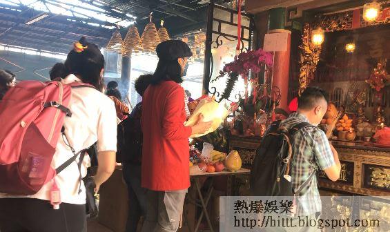 湊巧的是同場還有蔡一智兩公婆來到龍母廟拜神,卻跟阿葛緣慳一面。穿紅色上衣的蔡一智拿香燭和衣紙先行入太歲廟拜神,估計來拜太歲祈福和保平安。由於現場有不少善信,蔡一智和太太要左穿右插才上到香,而蔡一智好誠心拿着衣紙向神明許願,才拿出戶外化寶爐化寶。
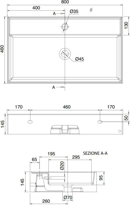 Диаметр отверстия под смеситель - 35 мм,
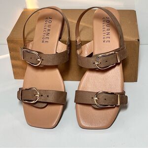 Journee Twylah Low Stacked Heel Sling Back Sandals
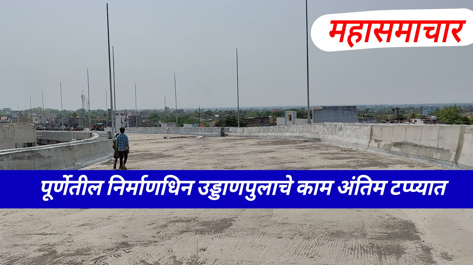 पूर्णा शहरातून जाणाऱ्या महामार्ग क्र २४९ रस्त्यावर रेल्वे गेट क्र१७६अ.किमी ९४८/६.५ व १३४अ.किमी ३२०/६.७ दरम्यान महारेल कार्पोरेशन कडून सुरू आहे.या कामास २०१९ मध्ये प्रारंभ झाला होता.दरम्यान दोन वर्षे कोरोना काळामध्ये काम रखडले होते.उड्डाणपुलासाठी तब्बल २७ पिल्लर उभारण्यात आले आहेत. उड्डाणपुलासाठी १२८ कोटी रुपये खर्च होत आहे .या कामात त्वत्कालीन कंत्राटदाराने हलगर्जीपणा करत कमकुवत,निकृष्ट ९ पिल्लर उभारले होते ते तोडण्यात आले.कंत्राटकंपनी बदलुन दुसरी कंपनीकडे काम देण्यात आले.अश्या तांत्रिक अडचणींमुळे संबंधित कामाचा कालावधी वाढला आहे.सदरील उड्डाणपुलाच तयार होत असलेल्या प्रमुख एकमेव रस्ता असल्याने चार वर्षांपासून पर्यायी भुयारी मार्गाखालून वाहतूक सुरू आहे.पर्यायी रस्ता खराब असल्याने तसेच पावसाळ्यात पाणी साचत असल्याने शहरातील नागरिकांना मोठ्या अडचणींना तोंड द्यावे लागले होते.आता निर्माणधिन उड्डाणपुलाचे काम प्रगतीपथावर असून, पुलाच्या दोन्ही बाजूला असलेल्या भराव भरणे,तसेच हि़गोली गेट ते नांदेड रेल्वे गेट दरम्यान काॅक्रेट स्लॅब चे तसेच लहान सहान कामे वगळता ९० टक्के काम पूर्ण झाले असून,येत्या दोन ते तीन महिन्यांत अगदीच पावसाळ्यापूर्वी हे काम पूर्ण होण्याची अपेक्षा आहे.
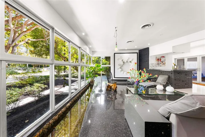Set on one of the most coveted streets in guard-gated Morningside, this architectural gem rests on an expansive 12,633 sq. ft. corner lot enveloped in lush tropical foliage with serene garden vistas visible from every room.
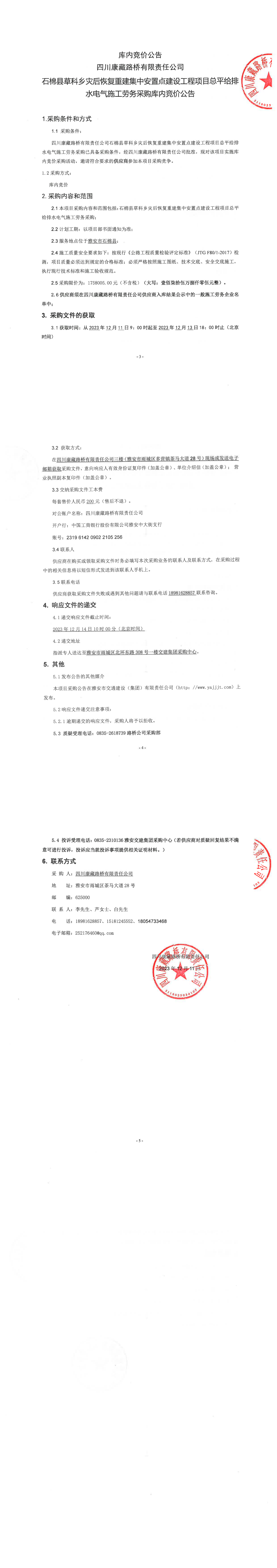 四川康藏路橋有限責(zé)任公司石棉縣草科鄉(xiāng)災(zāi)后恢復(fù)重建集中安置點(diǎn)建設(shè)工程項(xiàng)目總平給排水電氣施工勞務(wù)采購庫內(nèi)競價(jià)公告
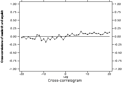 Cross-correlation of US mediation and Serbia->Bosnia cooperation with trend and autocorrelation removed from both series
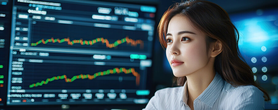 Focused woman analyzing stock market data on multiple screens, showcasing real time charts and financial trends
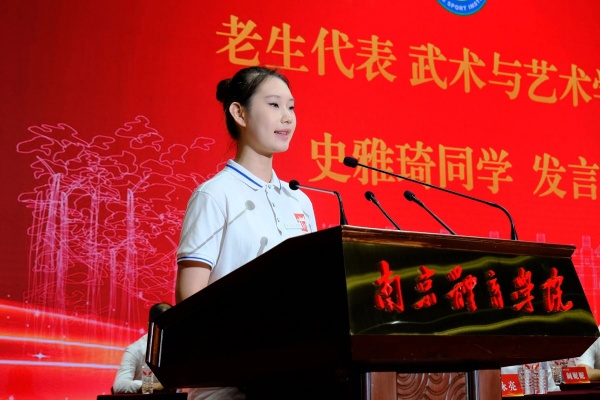 武术与艺术学院史雅琦同学代表在校生发言。她分享了三点感悟:别害怕“试错”,记得“守住节奏”,别忘了“主动求助”
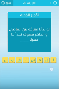 اجابة سؤال لو بدأنا معركة بين الماضى والحاضر فسوف نجد اننا خسرنا ـــ من لعبة رشفة لغز رقم 27 للمجموعة الثالثة
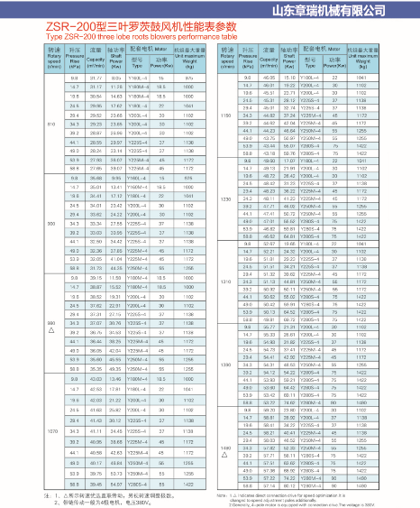 - 2020-11-02羅茨風機200型號參數表「山東章瑞機械」
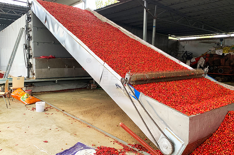 1、辣椒通過上料輸送機(jī)進(jìn)入烘干機(jī)主機(jī),通過勻料裝置將辣椒均勻鋪在網(wǎng)帶上。
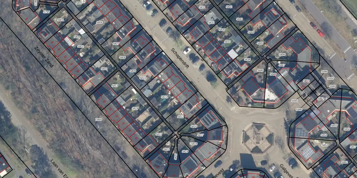 Schapendrift 5 is gelegen op kadastraal perceel ZEI00N5811. Deze kadastrale aanduiding is uniek en wordt gebruikt door het Kadaster om eigendomsrechten en andere zakelijke rechten vast te leggen. Het perceel maakt onderdeel uit van de kadastrale gemeente Zeist.
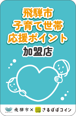 飛騨市子育て世帯応援ポイントとは、子育てに関連する商品の販売やサービスを提供する飛騨市内のさるぼぼコイン加盟店のうち、飛騨市が認めた店舗(以下「利用可能店舗」という。)にて1ポイント=1円としてご利用いただけるポイントです。
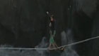 男子走扁带越过虎跳峡
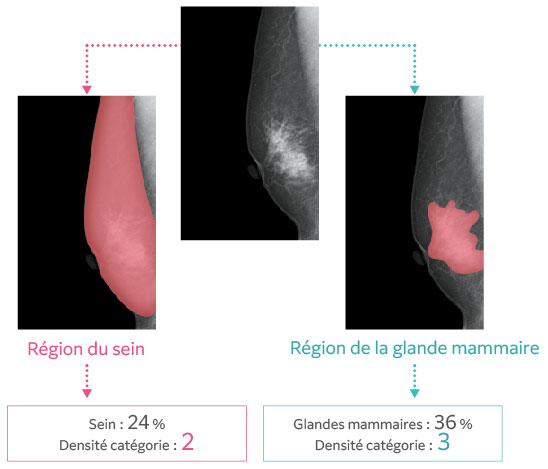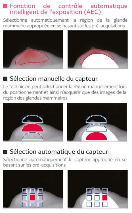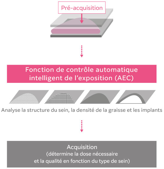 La position de la glande mammaire dans le sein est analysée à partir des pré-acquisitions obtenues avec une faible dose de rayonnement. Seule la région de la glande mammaire est utilisée, ce qui permet une imagerie avec des facteurs techniques et une dose appropriés. Même les implants mammaires, pour lesquels il est souvent difficile de déterminer la technique manuelle correcte, peuvent être automatiquement visualisés en identifiant la région où se trouve l’implant.
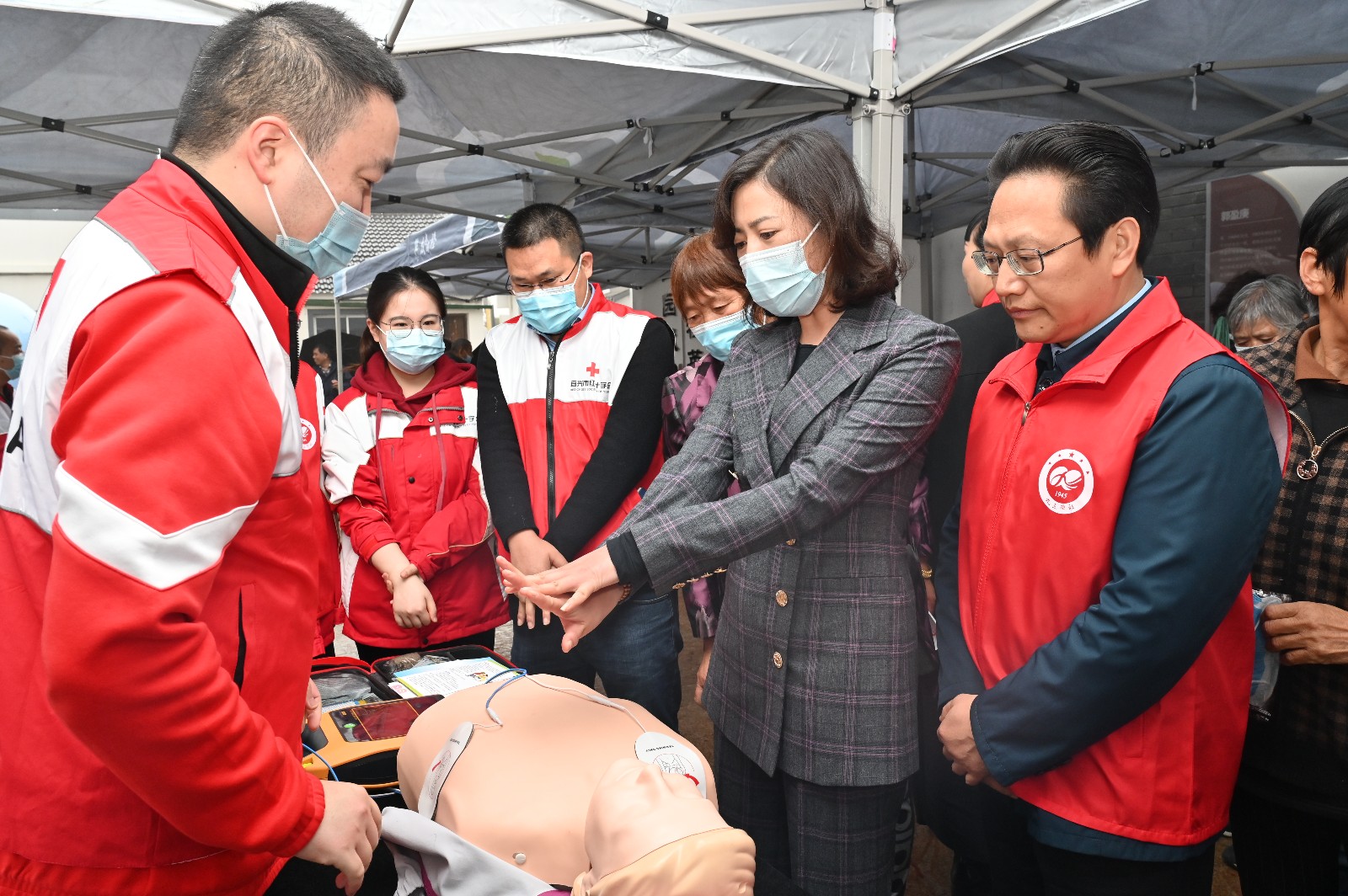 宜小红志愿者、宜兴市红十字应急救护培训师在现场发放宣传手册,并进行应急救护知识讲解和实操演练,展示心肺复苏和气道异物梗阻的正确救护方法,切实提高群众自救互救的意识和技能。
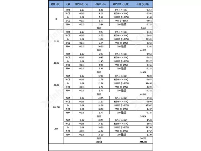 Taking the recovery of metallic minerals in sand as an example, at present, many domestic companies only recover the coarse particles in the development of overseas tin sand ore, sand gold ore, offshore zirconium ore, offshore ilmenite, sand tantalum niobium ore, and pay no attention to the comprehensive recovery, thus affecting the project valuation and processing plant benefit. Xinhai Mining pays attention to the comprehensive recovery of minerals and the recovery of fine grain minerals. As for the sand minerals with gravity separation, Xinhai Mining will carry out the particle size sieve analysis and the test of distribution of metallic minerals in each grain. The production value should be tested in necessary. And it should be combined with the cost of mineral processing operation in each grain.
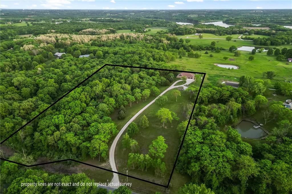 This Secluded 10-Acre Estate off paved roads offers a Customer Built Home with Luxury Features, 30x50 Garage, Privately Wooded Trails for hiking & exploring, & RV Amenities, All directly across from the Corp of Engineers. 3-bedroom, 2-bathroom home offers the perfect blend of comfort, seclusion, and outdoor living. Whether you're hosting guests, exploring private trails, or simply soaking in the natural surroundings, this property is a true retreat. Inside, you'll find an open-concept layout with sun-drenched living spaces, a cozy screened in porch with stone fireplace, & spacious kitchen designed for gatherings. Kitchen offers custom cabinets, large island, quartz countertops, stainless steel appliances, convenient pot filler, and large walk-in pantry cleverly doubles as a storm shelter with steel construction, offering peace of mind during Missouri's stormy seasons. The laundry and mudroom are just off the garage. The primary suite includes a generous walk-in closet and an en-suite bathroom for your own quiet sanctuary. Onyx Shower with glass door, soaking tub, & radiant heated floors throughout the home. The secondary bedrooms offer walk-in closets, and the third bedroom could be used as a home office. Outside, discover private wooded trails perfect for hiking, riding, or nature watching. Oversized 4-car tandem garage gives you ample room for vehicles, hobbies, or a workshop. This property includes full RV hookups - ideal for guests, travel lovers, or future rental potential or FUTURE SHOP!!! Step inside to discover radiant heated floors, spray foam insulation for energy efficiency, a thoughtfully designed open floor plan with upscale finishes. Additional features include a central vacuum system, hard-wired security camera system, & ceiling speakers throughout the home, garage, & patio for integrated sound and security. Smithville Schools. No HOA. Minutes to Smithville Lake for fishing, boat ramp access, camping, & more. Appraisal of $795k available to buyers.
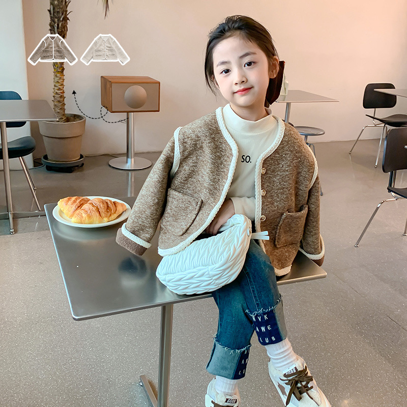 소녀 샤넬 스타일 코트 가을과 겨울 2023 새로운 서양 스타일 어린이 겨울 옷 기모 소녀 겨울 재킷 탑스토어 가기
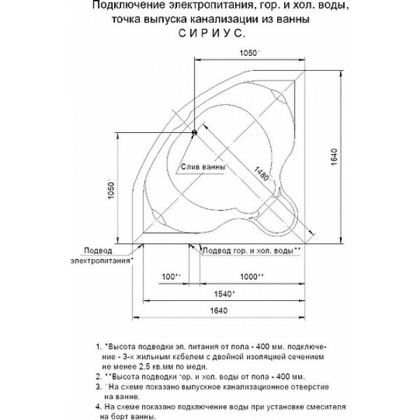Ванна акриловая АКВАТЕК Сириус 164х164 SIR164-0000002

> **REQUIRED WORK**: Once the pictures are set aside, repeat the data above exactly.

> **SOLUTION TO THIS EXERCISE**:
 湊巧的是同場還有蔡一智兩公婆來到龍母廟拜神,卻跟阿葛緣慳一面。穿紅色上衣的蔡一智拿香燭和衣紙先行入太歲廟拜神,估計來拜太歲祈福和保平安。由於現場有不少善信,蔡一智和太太要左穿右插才上到香,而蔡一智好誠心拿着衣紙向神明許願,才拿出戶外化寶爐化寶。
 Диаметр отверстия под смеситель - 35 мм,
 Journee Twylah Low Stacked Heel Sling Back Sandals
 पूर्णा शहरातून जाणाऱ्या महामार्ग क्र २४९ रस्त्यावर रेल्वे गेट क्र१७६अ.किमी ९४८/६.५ व १३४अ.किमी ३२०/६.७ दरम्यान महारेल कार्पोरेशन कडून सुरू आहे.या कामास २०१९ मध्ये प्रारंभ झाला होता.दरम्यान दोन वर्षे कोरोना काळामध्ये काम रखडले होते.उड्डाणपुलासाठी तब्बल २७ पिल्लर उभारण्यात आले आहेत. उड्डाणपुलासाठी १२८ कोटी रुपये खर्च होत आहे .या कामात त्वत्कालीन कंत्राटदाराने हलगर्जीपणा करत कमकुवत,निकृष्ट ९ पिल्लर उभारले होते ते तोडण्यात आले.कंत्राटकंपनी बदलुन दुसरी कंपनीकडे काम देण्यात आले.अश्या तांत्रिक अडचणींमुळे संबंधित कामाचा कालावधी वाढला आहे.सदरील उड्डाणपुलाच तयार होत असलेल्या प्रमुख एकमेव रस्ता असल्याने चार वर्षांपासून पर्यायी भुयारी मार्गाखालून वाहतूक सुरू आहे.पर्यायी रस्ता खराब असल्याने तसेच पावसाळ्यात पाणी साचत असल्याने शहरातील नागरिकांना मोठ्या अडचणींना तोंड द्यावे लागले होते.आता निर्माणधिन उड्डाणपुलाचे काम प्रगतीपथावर असून, पुलाच्या दोन्ही बाजूला असलेल्या भराव भरणे,तसेच हि़गोली गेट ते नांदेड रेल्वे गेट दरम्यान काॅक्रेट स्लॅब चे तसेच लहान सहान कामे वगळता ९० टक्के काम पूर्ण झाले असून,येत्या दोन ते तीन महिन्यांत अगदीच पावसाळ्यापूर्वी हे काम पूर्ण होण्याची अपेक्षा आहे.
Set on one of the most coveted streets in guard-gated Morningside, this architectural gem rests on an expansive 12,633 sq. ft. corner lot enveloped in lush tropical foliage with serene garden vistas visible from every room.
 四川康藏路橋有限責(zé)任公司石棉縣草科鄉(xiāng)災(zāi)后恢復(fù)重建集中安置點(diǎn)建設(shè)工程項(xiàng)目總平給排水電氣施工勞務(wù)采購庫內(nèi)競價(jià)公告
 Cross-correlation of US mediation and Serbia->Bosnia cooperation with trend and autocorrelation removed from both series
 Focused woman analyzing stock market data on multiple screens, showcasing real time charts and financial trends
 武术与艺术学院史雅琦同学代表在校生发言。她分享了三点感悟:别害怕“试错”,记得“守住节奏”,别忘了“主动求助”
 اجابة سؤال لو بدأنا معركة بين الماضى والحاضر فسوف نجد اننا خسرنا ـــ من لعبة رشفة لغز رقم 27 للمجموعة الثالثة
 - 2020-11-02羅茨風機200型號參數表「山東章瑞機械」
 1、辣椒通過上料輸送機(jī)進(jìn)入烘干機(jī)主機(jī),通過勻料裝置將辣椒均勻鋪在網(wǎng)帶上。
 Schapendrift 5 is gelegen op kadastraal perceel ZEI00N5811. Deze kadastrale aanduiding is uniek en wordt gebruikt door het Kadaster om eigendomsrechten en andere zakelijke rechten vast te leggen. Het perceel maakt onderdeel uit van de kadastrale gemeente Zeist.
 飛騨市子育て世帯応援ポイントとは、子育てに関連する商品の販売やサービスを提供する飛騨市内のさるぼぼコイン加盟店のうち、飛騨市が認めた店舗(以下「利用可能店舗」という。)にて1ポイント=1円としてご利用いただけるポイントです。
 男子走扁带越过虎跳峡
 La position de la glande mammaire dans le sein est analysée à partir des pré-acquisitions obtenues avec une faible dose de rayonnement. Seule la région de la glande mammaire est utilisée, ce qui permet une imagerie avec des facteurs techniques et une dose appropriés. Même les implants mammaires, pour lesquels il est souvent difficile de déterminer la technique manuelle correcte, peuvent être automatiquement visualisés en identifiant la région où se trouve l’implant.
 宜小红志愿者、宜兴市红十字应急救护培训师在现场发放宣传手册,并进行应急救护知识讲解和实操演练,展示心肺复苏和气道异物梗阻的正确救护方法,切实提高群众自救互救的意识和技能。
 Taking the recovery of metallic minerals in sand as an example, at present, many domestic companies only recover the coarse particles in the development of overseas tin sand ore, sand gold ore, offshore zirconium ore, offshore ilmenite, sand tantalum niobium ore, and pay no attention to the comprehensive recovery, thus affecting the project valuation and processing plant benefit. Xinhai Mining pays attention to the comprehensive recovery of minerals and the recovery of fine grain minerals. As for the sand minerals with gravity separation, Xinhai Mining will carry out the particle size sieve analysis and the test of distribution of metallic minerals in each grain. The production value should be tested in necessary. And it should be combined with the cost of mineral processing operation in each grain.
 This Secluded 10-Acre Estate off paved roads offers a Customer Built Home with Luxury Features, 30x50 Garage, Privately Wooded Trails for hiking & exploring, & RV Amenities, All directly across from the Corp of Engineers. 3-bedroom, 2-bathroom home offers the perfect blend of comfort, seclusion, and outdoor living. Whether you're hosting guests, exploring private trails, or simply soaking in the natural surroundings, this property is a true retreat. Inside, you'll find an open-concept layout with sun-drenched living spaces, a cozy screened in porch with stone fireplace, & spacious kitchen designed for gatherings. Kitchen offers custom cabinets, large island, quartz countertops, stainless steel appliances, convenient pot filler, and large walk-in pantry cleverly doubles as a storm shelter with steel construction, offering peace of mind during Missouri's stormy seasons. The laundry and mudroom are just off the garage. The primary suite includes a generous walk-in closet and an en-suite bathroom for your own quiet sanctuary. Onyx Shower with glass door, soaking tub, & radiant heated floors throughout the home. The secondary bedrooms offer walk-in closets, and the third bedroom could be used as a home office. Outside, discover private wooded trails perfect for hiking, riding, or nature watching. Oversized 4-car tandem garage gives you ample room for vehicles, hobbies, or a workshop. This property includes full RV hookups - ideal for guests, travel lovers, or future rental potential or FUTURE SHOP!!! Step inside to discover radiant heated floors, spray foam insulation for energy efficiency, a thoughtfully designed open floor plan with upscale finishes. Additional features include a central vacuum system, hard-wired security camera system, & ceiling speakers throughout the home, garage, & patio for integrated sound and security. Smithville Schools. No HOA. Minutes to Smithville Lake for fishing, boat ramp access, camping, & more. Appraisal of $795k available to buyers.
 소녀 샤넬 스타일 코트 가을과 겨울 2023 새로운 서양 스타일 어린이 겨울 옷 기모 소녀 겨울 재킷 탑스토어 가기
Ванна акриловая АКВАТЕК Сириус 164х164 SIR164-0000002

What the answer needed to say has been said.